Exact reproduction of the listing is required. Pictures are not reproduced.

» Collected material

>>>

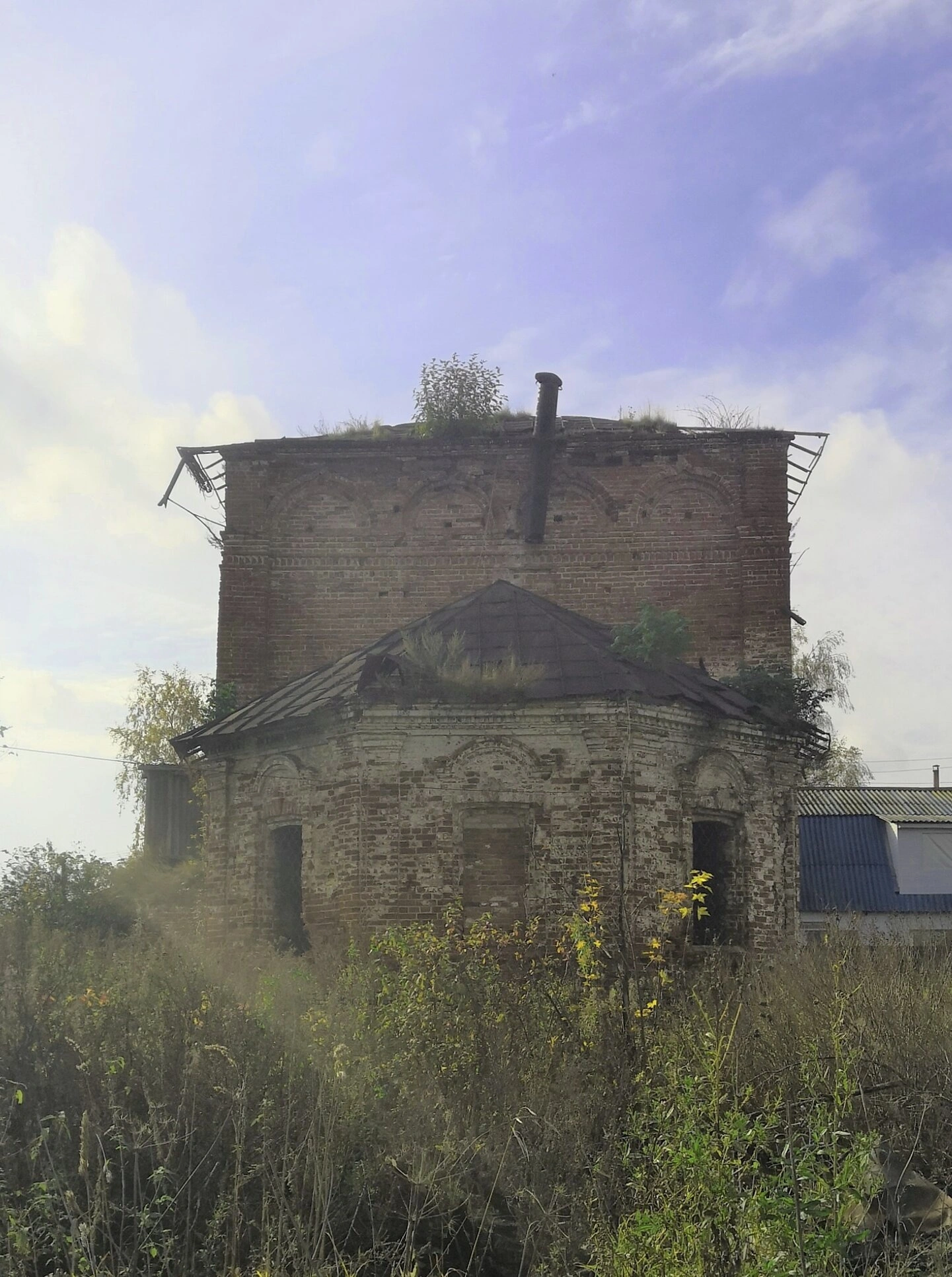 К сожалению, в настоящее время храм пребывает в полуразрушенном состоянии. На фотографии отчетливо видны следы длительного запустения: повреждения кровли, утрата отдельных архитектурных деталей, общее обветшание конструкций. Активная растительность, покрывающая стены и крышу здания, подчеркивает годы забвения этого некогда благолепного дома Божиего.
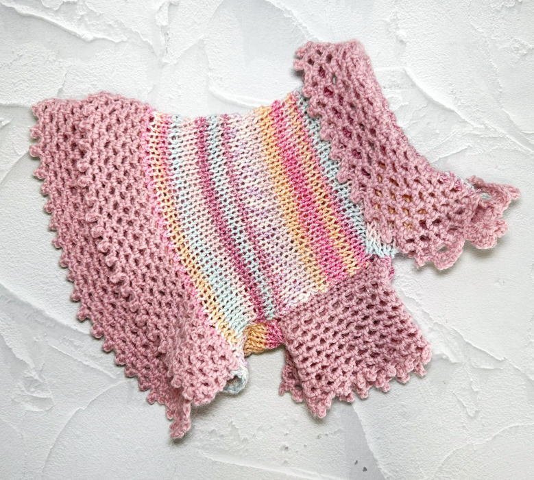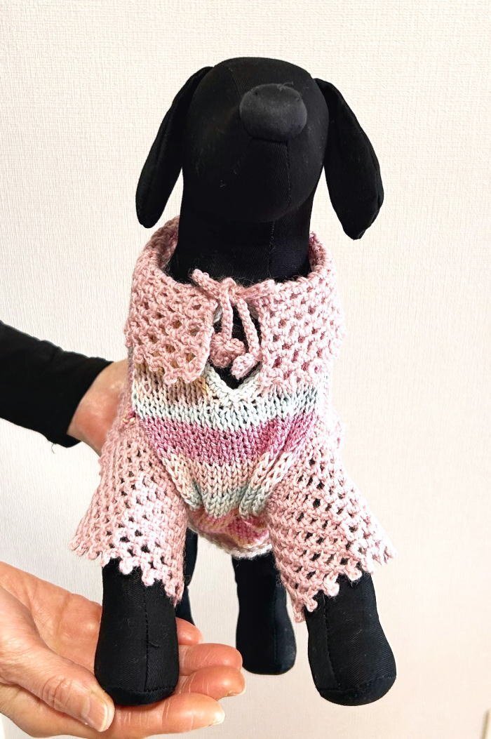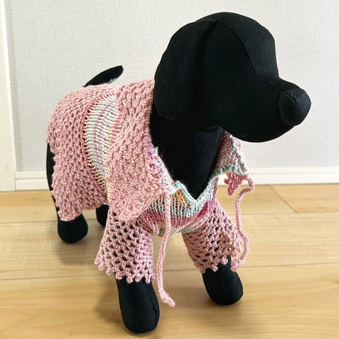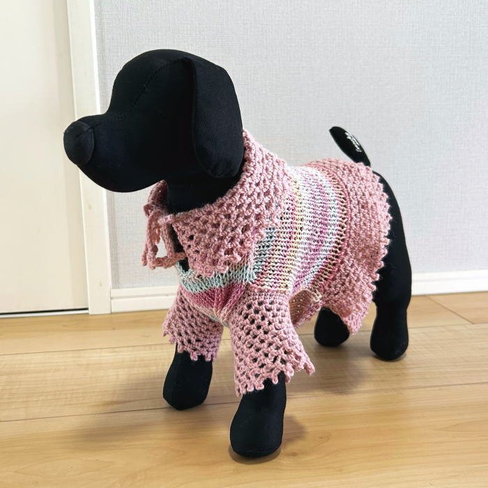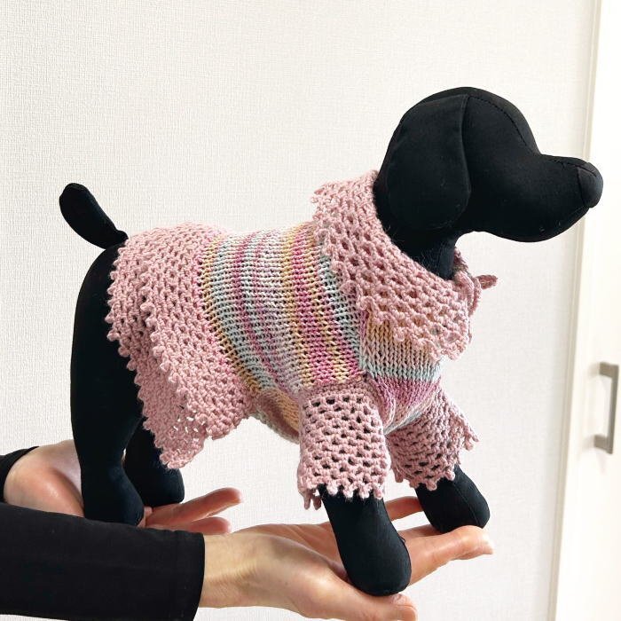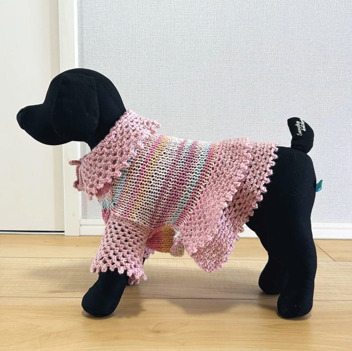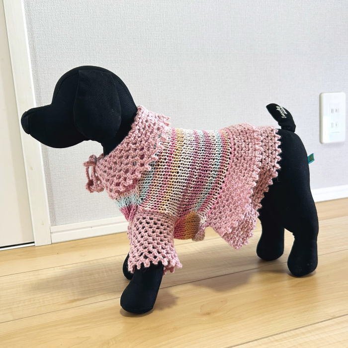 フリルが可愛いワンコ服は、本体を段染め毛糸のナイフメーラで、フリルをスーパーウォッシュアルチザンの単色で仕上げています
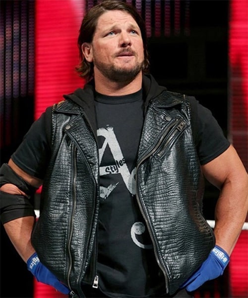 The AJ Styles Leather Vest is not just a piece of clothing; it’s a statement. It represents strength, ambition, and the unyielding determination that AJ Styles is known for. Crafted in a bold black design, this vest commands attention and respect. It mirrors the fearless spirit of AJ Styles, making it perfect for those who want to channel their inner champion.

<<<

» Exercise output
 К сожалению, в настоящее время храм пребывает в полуразрушенном состоянии. На фотографии отчетливо видны следы длительного запустения: повреждения кровли, утрата отдельных архитектурных деталей, общее обветшание конструкций. Активная растительность, покрывающая стены и крышу здания, подчеркивает годы забвения этого некогда благолепного дома Божиего.
 フリルが可愛いワンコ服は、本体を段染め毛糸のナイフメーラで、フリルをスーパーウォッシュアルチザンの単色で仕上げています
 The AJ Styles Leather Vest is not just a piece of clothing; it’s a statement. It represents strength, ambition, and the unyielding determination that AJ Styles is known for. Crafted in a bold black design, this vest commands attention and respect. It mirrors the fearless spirit of AJ Styles, making it perfect for those who want to channel their inner champion.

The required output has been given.